China is a tough country to comprehend – even for most Chinese. But much of what makes China enigmatic – its long history, vast and varied territory, huge and diverse population, complex politics, and massive, dynamic economy – also makes understanding the country important. For better or worse, what happens in China affects everyone.
Western observers tend to struggle the most in deciphering China. As Dutch sinologist Hans Kuijper put it, “There is something fundamentally amiss in Western Sinology: ‘China experts’ either pretend to be knowledgeable about everything related to China, in which case they cannot be taken seriously, or – eventually – admit not to be scientific all-rounders with respect to the country, in which case they cannot be called ‘China experts.’”
There are obvious reasons why Westerners have such a hard time understanding China. For starters, China has a very long history as a continental agricultural civilization, with a strong central government and unified political, social, and economic systems.
This differs sharply from the geographic fragmentation and political competition historically seen in the West – the birthplace of the modern nation-state and market capitalism. This historical divergence helps to explain why today’s China achieves some objectives, such as large-scale infrastructure construction, much more efficiently than the West, but is far slower in achieving others, such as building democracy.
But there is not a clear-cut division between Chinese central planning and Western democratic capitalism. For example, communist China can be more “capitalist,” in terms of raw market behavior, than Western countries. In fact, two-thirds of its “state-run” economy is now privately operated. Yet it did not achieve this with Western-style “privatization.”
China challenges traditional Western frameworks, with a policymaking approach that is long-term, pragmatic, and contextual. Influenced by ancient Chinese philosophy, policymakers engage in complex systems thinking. They know that systems are never static, and thus cannot be adequately governed by rigid rules and procedures. To enable continuous reform and adaptive policymaking – essential to the stability, functioning, and development of complex systems – flexible relational principles are often far more useful.
Technology has aided in this process of adaptation, by helping to overcome coordination and communication problems. The WeChat app, for example, links complex networks and organizations, thereby facilitating just-in-time delivery of huge and complex projects.
Another notable characteristic of Chinese policymaking is the tendency to emphasize collective survival over individual interests. Unlike the United States, for example, China has extensive experience with systemic decay and collapse. Its leaders are well aware of the instability this can cause – and how difficult it is to rebuild. They are thus committed to preserving, developing, and fortifying existing systems, even if it means imposing short-term costs on individuals.

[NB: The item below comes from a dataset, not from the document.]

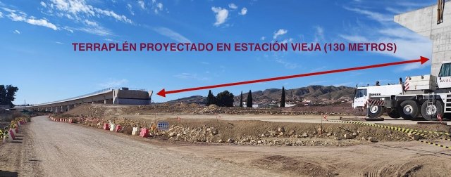 Mientras la plataforma esperaba, las obras del terraplén en Totana no solo no se han paralizado, sino que se han acelerado, construyendo el muro de hormigón que servirá de contención al terraplén restante. Este muro se extiende a lo largo del tramo urbano, afectando específicamente a 130 metros enfrente de la estación vieja y 170 metros hasta la estación nueva, justo a la entrada del casco urbano.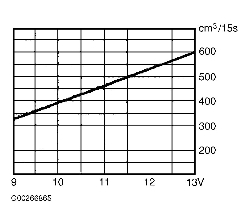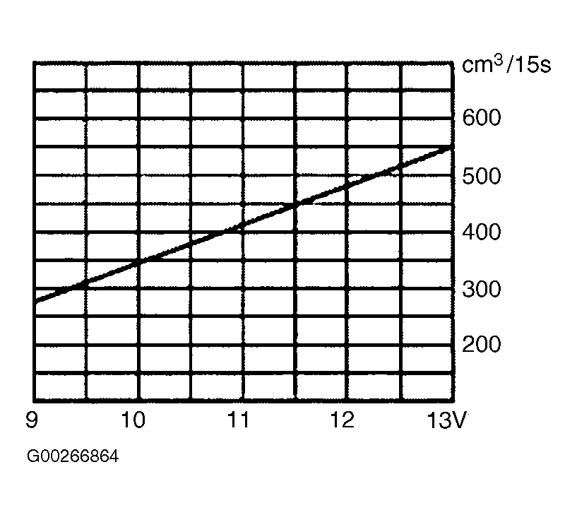 Application Specification System Pressure (1) With Engine Idling (2) 44 psi (3.0 bar) With Engine Idling (3) 36 psi (2.5 bar) Residual Pressure (4) 22-36 psi (1.5 bar) Minimum Volume In 30 Sec. (5) Engine Code AMU 5.6-6.2 ozs. (165-183 ml.) Engine Codes ATC & AWP 4.5-5.3 ozs. (133-157 ml.) (1) Battery voltage must be 11 volts or more when checking system pressure. (2) With fuel pressure regulator vacuum hose disconnected. (3) With fuel pressure regulator vacuum hose connected. (4) After 10 minutes. (5) Volume is dependent upon battery voltage and should be checked with battery fully charged. See Fig 1 . FUEL PUMP PERFORMANCE (3.0L)Application Specification System Pressure (1) With Engine Idling (2) 46-55 psi (3.2-3.8 bar) With Engine Idling (3) 55-61 psi (3.8-4.2 bar) Residual Pressure Cold Engine (4) 32 psi (2.2 bar) Warm Engine (4) 44 psi (3.0 bar) Min. Vol. In 30 Sec. (5) 3.0-4.2 ozs. (90-125 ml.) (1) Battery voltage must be 11 volts or more when checking system pressure. (2) With fuel pressure regulator vacuum hose connected. (3) With fuel pressure regulator vacuum hose disconnected. (4) After 10 minutes. (5) Volume is dependent upon battery voltage and should be checked with battery fully charged. See Fig 2 . FUEL PUMP PERFORMANCE (4.2L)Application Specification System Pressure (1) With Engine Idling (2) 50 psi (3.5 bar) With Engine Idling (3) 58 psi (4.0 bar) Residual Pressure (4) 36 psi (2.5 bar) Min. Vol. In 30 Sec. (5) 3.2-3.9 ozs. (95-115 ml.) (1) Battery voltage must be 11 volts or more when checking system pressure. (2) With fuel pressure regulator vacuum hose connected. (3) With fuel pressure regulator vacuum hose disconnected. (4) After 10 minutes. (5) Volume is dependent upon battery voltage and should be checked with battery fully charged. See Fig 2 . - If fuel pressure is within specification, connect vacuum hose to fuel pressure regulator. Pressure should drop as specified. See appropriate FUEL PRESSURE SPECIFICATIONS table. If fuel pressure is not within specification, check fuel pressure regulator, fuel pump and fuel lines and repair or replace as necessary.

But here, too, we run the risk of reductionist thinking. Ostensibly, China’s approach can be compared to those of other countries using a two-by-two matrix, comprising MeMe and WeWe mindsets. The US – especially under former President Donald Trump – has long epitomized the MeMe approach, in which the collective good takes a backseat to individual rights and freedoms.
But, if its COVID-19 strategy is any indication, the Biden administration may be set to push the US toward a MeWe approach – still emphasizing individual rights, but with an eye for the collective good – though it will undoubtedly face stiff resistance. Europe’s social democracies are the poster child for this category.
Asian countries, for their part, mostly fall into the WeMe category, placing the collective first, but still stressing individual rights. China’s emphasis on collective welfare, however, is strong enough to place the country – along with Cuba – in the WeWe camp. Nonetheless, demands for individual rights are growing louder in both countries.
Clearly, deepening international integration has enabled external forces to influence Chinese thinking, just as China increasingly shapes the rest of the world. Unfortunately, such dynamic feedback loops are often treated as a zero-sum game, with countries not only clinging to familiar approaches and perspectives, but also trying to impose their ways on others.
With his plan to build a concert of democracies to contain China as part of an “extreme competition” between the two powers, that is precisely what Biden is poised to do. This will leave everyone worse off. After all, as the COVID-19 pandemic has highlighted, global cooperation is vital to tackle transnational challenges, including terrorism, migration, inequality, and climate change. If countries pick fights with one another, those challenges will only grow.
For now, China is getting its own house in order, such as by implementing its “dual-circulation strategy,” which aims to boost China’s supply-chain and market resiliency through increased reliance on “internal circulation.” But that strategy does not preclude cooperation. On the contrary, China welcomes greater cooperation on shared challenges, as long as that doesn’t mean compromising on its fundamental beliefs or systems.
When the West is ready to cooperate – without attempting to force China to cross red lines such as regime change – devising a new global social contract will be essential. This means, for starters, reforming the multilateral institutions, such as the United Nations, the International Monetary Fund, the World Bank, the World Trade Organization, and the World Health Organization.
By involving all stakeholders, this process can foster the development of a shared narrative, with each country pinpointing its role within the global collective. In such a scenario, the US and China would do their part to protect the global commons, rather than competing for global dominance.